### [INPUT DATA]
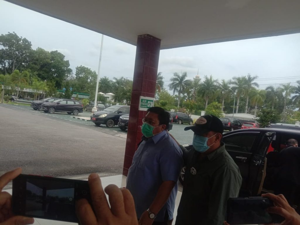 Salah satu oknum (kiri) diduga pemberi suap tiba di Kejati Sultra. Foto: Akbar Tanjung.
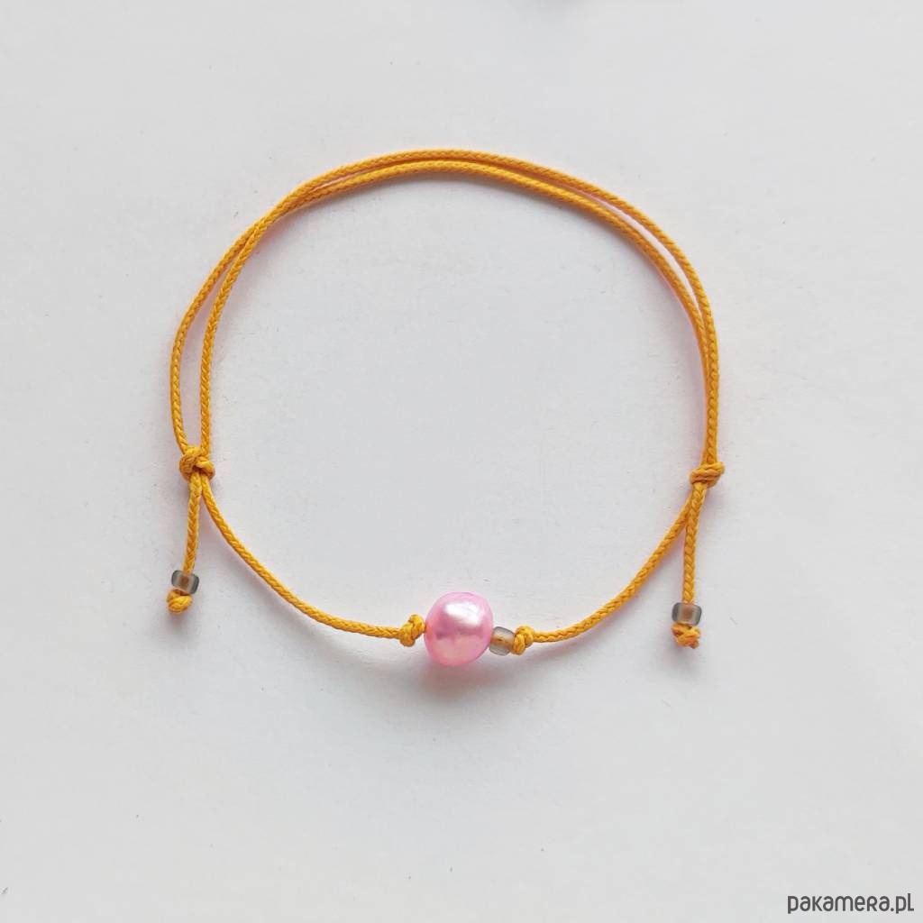 OKRĄG bransoletka – uroczy dodatek . OKRĄG - kształt doskonały. Kolekcję cechuje elegancja i prostota jak również ekstrawagancja i indywidualizm. Idealna dla kobiet ceniące ładną oraz oryginalna biżuterii. Bransoletka wykonana jest z, Perła słodkowodna (0k. 0,8 cm), koraliki szklane, ozdobny sznurek. Istnieje możliwość wykonania bransoletki w innych kolorach .
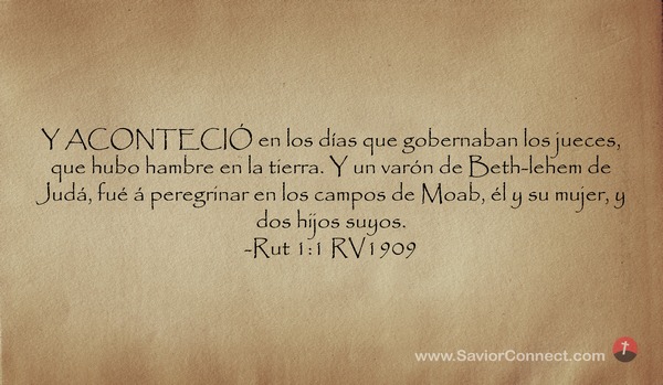 Y ACONTECIÓ en los días que gobernaban los jueces, que hubo hambre en la tierra. Y un varón de Beth-lehem de Judá, fué á peregrinar en los campos de Moab, él y su mujer, y dos hijos suyos. -Rut 1:1 RV1909
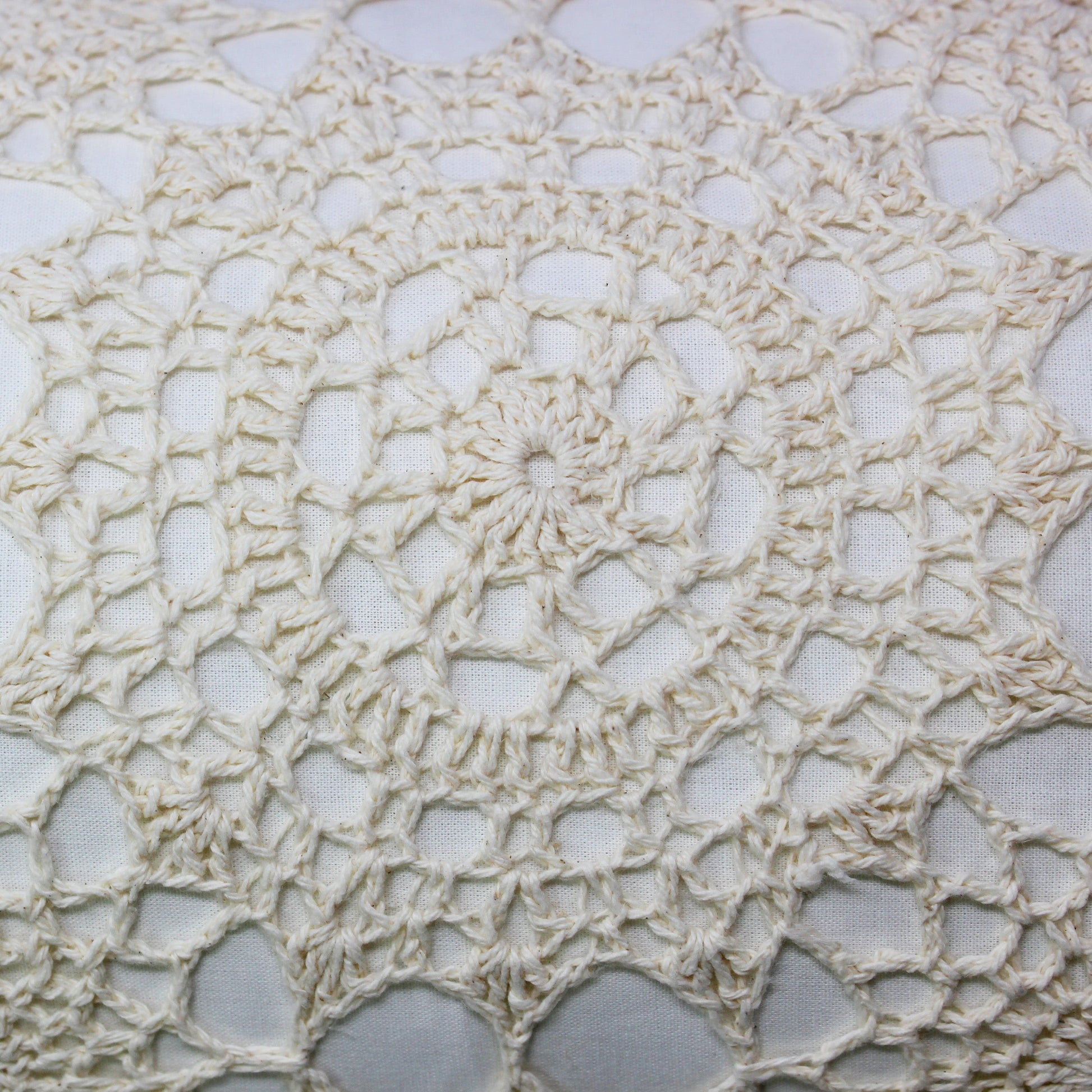 Add a touch of romance to any bedroom with our elegant pillows. Crochet is a centuries-old technique that produces intricate designs and beautiful details. We continue this tradition, making each pillow cover by hand. The delicate open-work design is attached to a solid cotton backing which provides total coverage for the pillow. The removeable cover features a hidden zipper. The cover can be machine washed and dried, and we suggest washing it inside a sweater bag to avoid any snags.
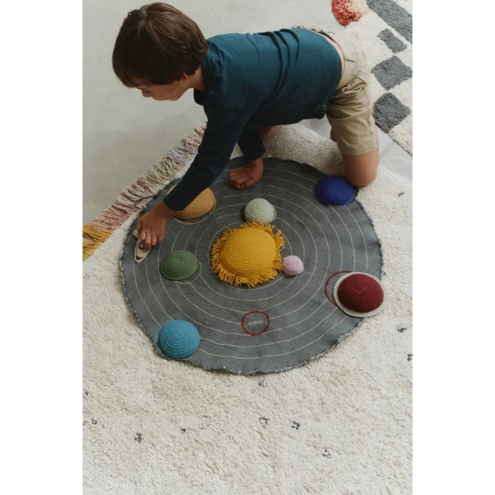 Güneş Sistemi Oyuncak Seti ile güneş sisteminin harikalarını keşfedin! Bu interaktif tekstil oyuncak seti, hayal gücünü harekete geçirmek ve eğlenceli öğrenmeyi teşvik etmek için tasarlanmıştır. Dayanıklı bir kanvas tabandan yapılmış olup, kolayca bir evrak çantasına katlanır ve hareket halindeyken rahat bir oyun deneyimi için tüm aksesuarları düzenli bir şekilde içeride tutar. Koyu gri ve petrol tuvali, canlı renklerle işlenmiş gezegenlerle birlikte gezegen yörüngelerinin doğal bir baskısını içeriyor. Set, doğru yörüngelere yerleştirilebilen örgülü pamuklu gezegenler ve çocuklar bir gezegenden diğerine seyahat ederken ekstra eğlence için mini bir tekstil roketi içerir. Oyun süresi bittiğinde tüm parçaları içine yerleştirin, tuvali bir evrak çantasına katlayın ve ince kordonlarla sabitleyin. Yerleşik tutma kolu, çocukların güneş sistemi maceralarını gittikleri her yere taşımalarını kolaylaştırır. İleri dönüştürülmüş kumaş artıklarından yapılan bu oyuncak seti, çevreye duyarlı aileler için sürdürülebilir bir seçimdir. Ev şeklinde geri dönüştürülmüş bir karton kutu içinde paketlenmiş olarak gelir ve oyuncakları kaldırma zamanı geldiğinde bile ekstra bir oyun unsuru sağlar.
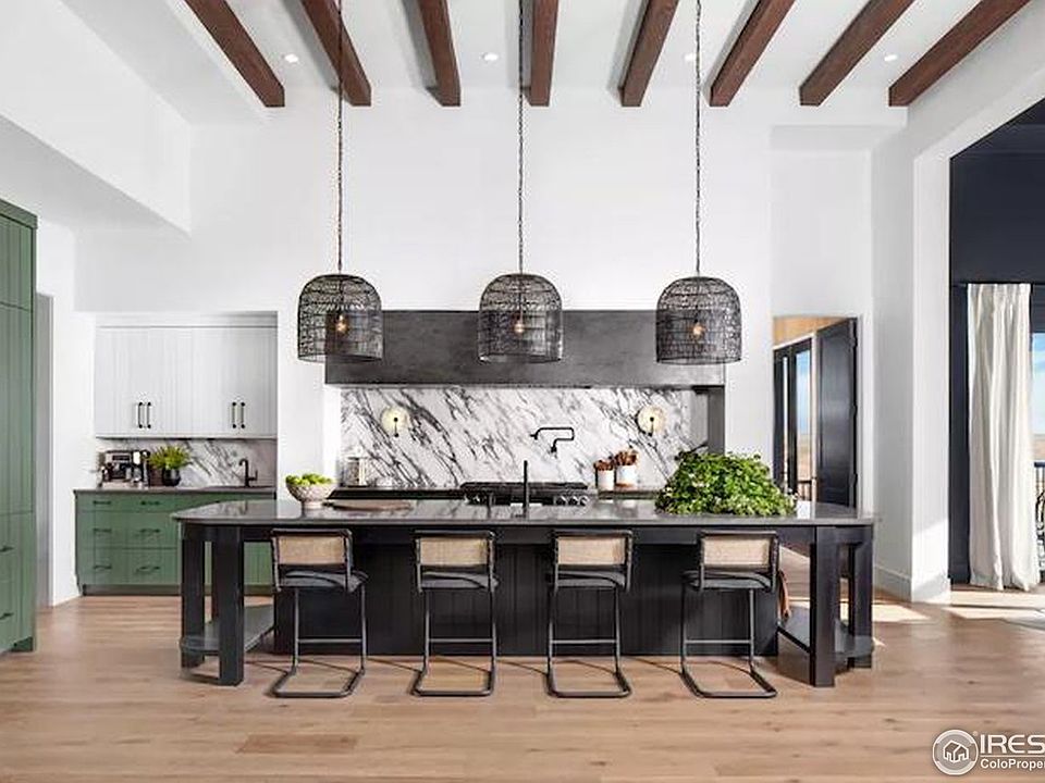 - Eat-in Kitchen, Separate Dining Room, Cathedral Ceiling(s), Open Floorplan, Pantry, Walk-In Closet(s), Wet Bar, Kitchen Island, High Ceilings, Beamed Ceilings

### [ACTION ITEM]
Produce an exact copy of the lines from the line containing "Güneş Sistemi Oyuncak" to the end of the material, both ends included, and omit every picture.

### [COMPLETED EXERCISE]
 Güneş Sistemi Oyuncak Seti ile güneş sisteminin harikalarını keşfedin! Bu interaktif tekstil oyuncak seti, hayal gücünü harekete geçirmek ve eğlenceli öğrenmeyi teşvik etmek için tasarlanmıştır. Dayanıklı bir kanvas tabandan yapılmış olup, kolayca bir evrak çantasına katlanır ve hareket halindeyken rahat bir oyun deneyimi için tüm aksesuarları düzenli bir şekilde içeride tutar. Koyu gri ve petrol tuvali, canlı renklerle işlenmiş gezegenlerle birlikte gezegen yörüngelerinin doğal bir baskısını içeriyor. Set, doğru yörüngelere yerleştirilebilen örgülü pamuklu gezegenler ve çocuklar bir gezegenden diğerine seyahat ederken ekstra eğlence için mini bir tekstil roketi içerir. Oyun süresi bittiğinde tüm parçaları içine yerleştirin, tuvali bir evrak çantasına katlayın ve ince kordonlarla sabitleyin. Yerleşik tutma kolu, çocukların güneş sistemi maceralarını gittikleri her yere taşımalarını kolaylaştırır. İleri dönüştürülmüş kumaş artıklarından yapılan bu oyuncak seti, çevreye duyarlı aileler için sürdürülebilir bir seçimdir. Ev şeklinde geri dönüştürülmüş bir karton kutu içinde paketlenmiş olarak gelir ve oyuncakları kaldırma zamanı geldiğinde bile ekstra bir oyun unsuru sağlar.
 - Eat-in Kitchen, Separate Dining Room, Cathedral Ceiling(s), Open Floorplan, Pantry, Walk-In Closet(s), Wet Bar, Kitchen Island, High Ceilings, Beamed Ceilings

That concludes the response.